2. What did you want to be when you were twelve, eighteen and thirty? And why?

I’m not sure about these ages … but when I was 5 or 6 I desperately wanted to be a Solid Gold dancer (think Beyonce in glittering gold spandex + epic afro), around 10, like most of the girls I knew, I imagined a glamorous future as an air hostess, but by 18 I had the acting bug. I did amateur theatre and short films but it was the scriptwriting that got my pulse racing. By 30, I had been teaching for a while but the itch to write was getting harder to ignore.

3. What strongly held belief did you have at eighteen that you do not have now?

That Michael Keaton, Michelle Pfeiffer and Danny DeVito would be the best Batman, Catwoman and Penguin of all time. (Batman Returns 1992). While Tim Burton is one of my top 3 directors (heads up: you’ll see locations in my novels named to reflect this) Christopher Nolan’s Batman Begins (2005) upended this strongly held belief. Though he has retired the cowl, Bale holds my allegiance. If Affleck can win my attention I’ll be impressed. I reserve judgment on any future Penguins or Catwomen (Pfeiffer for the win).

4. What were three works of art – book or painting or piece of music, etc – you can now say, had a great effect on you and influenced your own development as a writer?

For thematic influences I would site my favourite texts to teach in the classroom: Hamlet and Lord of the Flies. Hamlet for the exploration of moral dilemma and the consequences of action or inaction. Lord of the Flies for the exploration of human nature and poking at the flimsy scaffolding that keeps us from savagery. At University I loved Oedipus for the question of freewill versus predestination. In a somewhat less grandiose scale I have begun to attempt my own experimentation with these concepts.

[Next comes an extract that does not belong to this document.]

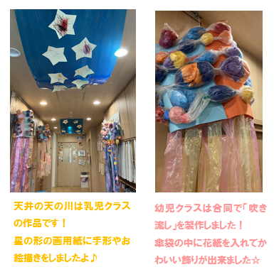 七夕の1週間ほど前から廊下には、子ども達が作った七夕飾りが飾ってありました!

5. Considering the innumerable artistic avenues open to you, why did you choose to write a novel?

Word-Lust

6. Please tell us about your latest novel…

Spark is a story about friendship, loyalty, courage and love mixed with a synthetic gene that creates guardians and killers known as Shields and Strays. Evie learns that she is a Shield, genetically engineered to save the life of her best-friend who is being stalked by a Stray.

Evie strives to learn how to use her new psychic and physical capabilities while managing grief, learning to live with her aunt and struggling to fit in at a new school. Added to these pressures is the complication of falling in love with a boy who is completely off-limits and totally irresistible.

Spark is the first novel in a sci-fi/crossover trilogy.

Grab a copy of Spark here

7. What do you hope people take away with them after reading your work?

A sense of investment in my imaginary world, that they’ve journeyed with characters they love and or loathe, that they give enough of a damn they’d want to visit again in the future.

8. Whom do you most admire in the realm of writing and why?

My favourite writer of all time is Margaret Atwood. I fell in love with her work when I was a teenager and the novelty has never really worn off. In contemporary literature I’ll read anything Kate Atkinson sets her pen to. Isabel Allende, for magical realism and Alice Hoffman too. In YA, I love Patrick Ness and the astounding Elizabeth Knox.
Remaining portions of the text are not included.